Neither has much inside, for that matter. Pharmacy Manager Mary Duncan says the counter and black vinyl-topped stools are original; they’ve just been recovered through the years. “We even have one of the old cash registers on display,” she adds. “But it doesn’t work anymore.”
Pharmacists still fill prescriptions in the back, and you can still buy specialty health and beauty items, but it’s the delicious breakfast, lunch, pastries, and other desserts that bring the many customers who crave a taste of yesteryear, a hint of uncomplicated moments.
Dallas interior designer Stacy Sawyer became an HP Pharmacy devotee in her high school years, and now enjoys sharing the experience with her six-year-old daughter, Shelby.
“Shelby loves sitting at the counter and drinking chocolate milk, made with real chocolate syrup. And she really likes the cinnamon rolls that are as big as her face,” says Sawyer, whose own passion is the fountain’s irresistibly sweet pecan waffle. “You know exactly what you’re going to order before you walk in. Just being here gives you the sense of a simpler time.”
The real regulars are those who visit the pharmacy every day, says Duncan, who notes that some patrons eat meals here twice daily. Among the best customers is Norman Andres, who hires a taxi or driver to bring him daily for breakfast and then either for lunch or early supper. His favorite menu item? A pimiento-cheese sandwich called the Palm Beach.
“Everything they make here is good. And I like the atmosphere and the people,” says Andres, who first visited the pharmacy in 1948.
Duncan says that when the weather turns icy, the pharmacy will deliver meals to their regulars. “They’re pretty sweet,” she adds. “They love telling us stories of coming here since they were children. When we lose one, it really does hurt.”
Like Mr. Andres, I count the Palm Beach my favorite nosh at the soda fountain. A grilled pimiento cheese-on-rye, this specialty brings a happy sigh from my core, thanks to its crunchy exterior and smooth, cool interior. Nobody knows why it bears that name, but I think it’s because the sandwich pairs perfectly with an old-fashioned chocolate malt, altogether a rich adventure from start to finish.
Duncan says the pharmacy has changed hands only four times over the years—the owners are now Sonny Williams and his wife, Gretchen Minyard Williams, she of the grocery family—and nobody has found reason to remove anything from the menu. The only menu changes have been additions, such as an egg salad sandwich, Frito pie, chili dogs, pinto beans, freshly baked cookies, and a bacon-egg-and-cheese breakfast sandwich. Top-sellers are grilled cheese, the chicken salad sandwich, and the Palm Beach, along with ice cream sodas and milkshakes.
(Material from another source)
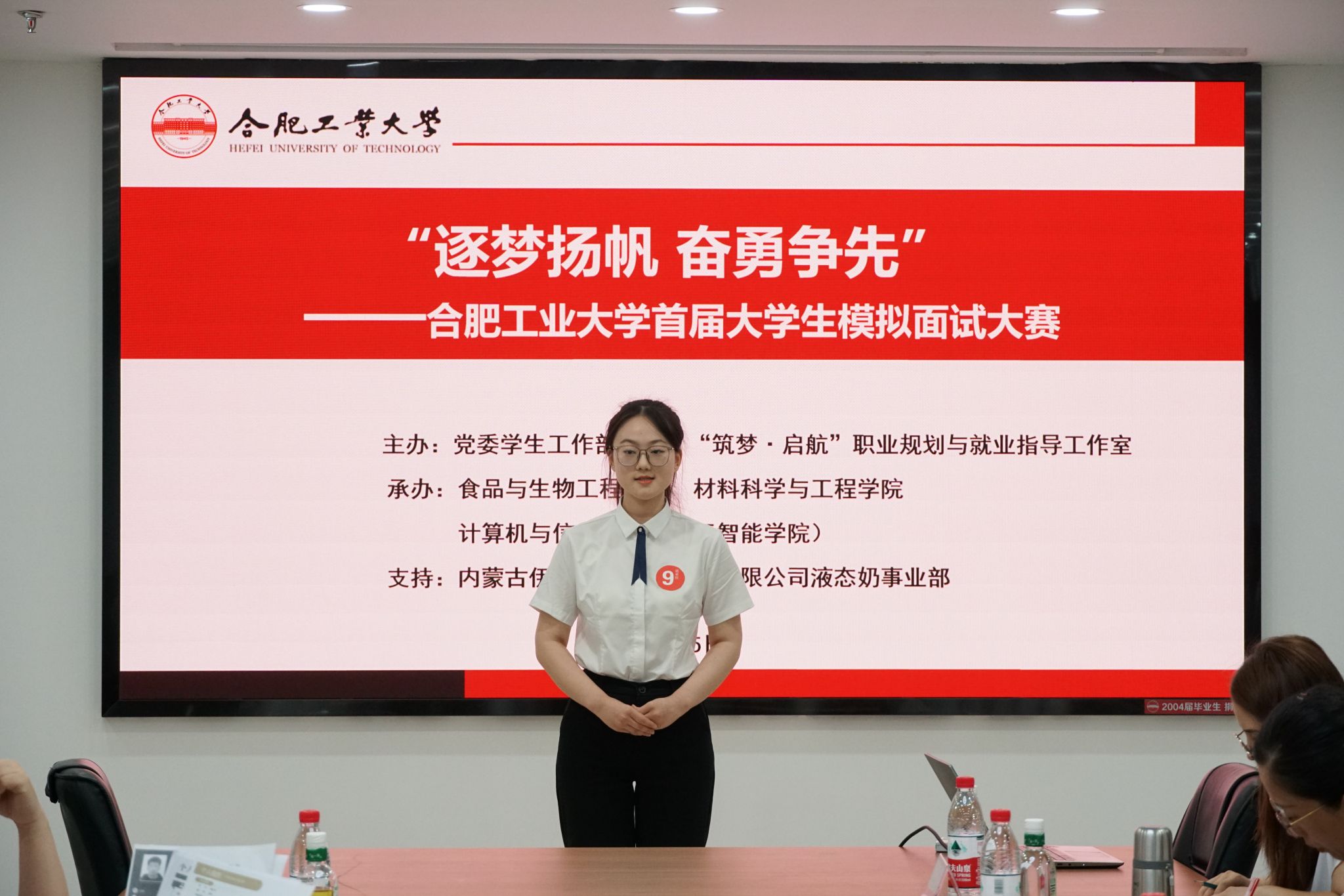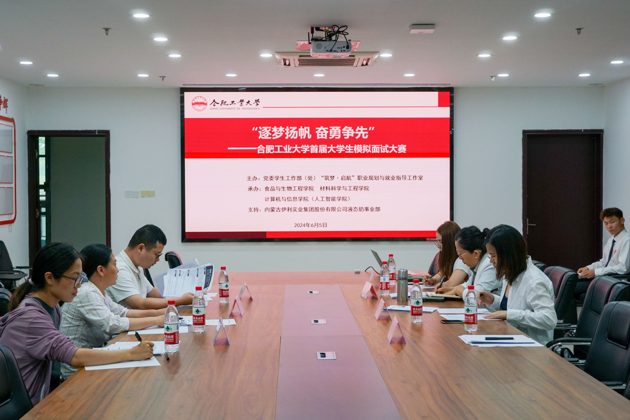 6月5日下午,我校“逐梦杨帆,奋勇争先”首届大学生模拟面试大赛在食生楼205会议室举行。伊利集团液态奶事业部合肥伊利人力资源经理杨彩娟、校党委学生工作部(处)学生就业指导中心陈贞等5位嘉宾担任评委。

Those lunch items are offered all day, right until closing. Breakfast options range from scrambled eggs with toasted bagel to eggs Benedict, served until 1 p.m. on Sunday, and until 11 a.m. other days. And should I worry that my Palm Beach craving will hit at night, I can now pick up containers of pimiento cheese, along with chicken, ham, tuna, or egg salad, to go.
Duncan says that some weeks the waitresses write up as many as 2,000 tickets. The busiest day remains Saturday, when the soda counter is crowded and the scattered tables with chairs stay full, too. Service can be brisk, and loitering to soak in the nostalgia is tricky. Instead, I like to go midafternoon on a Tuesday or Wednesday, when the pace slackens and I can dawdle over an old-fashioned Coke float.
That’s the case when I make a return visit by myself the following week. Besides me, only three or four customers sit at the counter, and they’re mostly reading magazines and enjoying a quiet moment away from the hubbub of the modern world rushing past the front window. Maybe nobody will mind if I twirl around on my stool.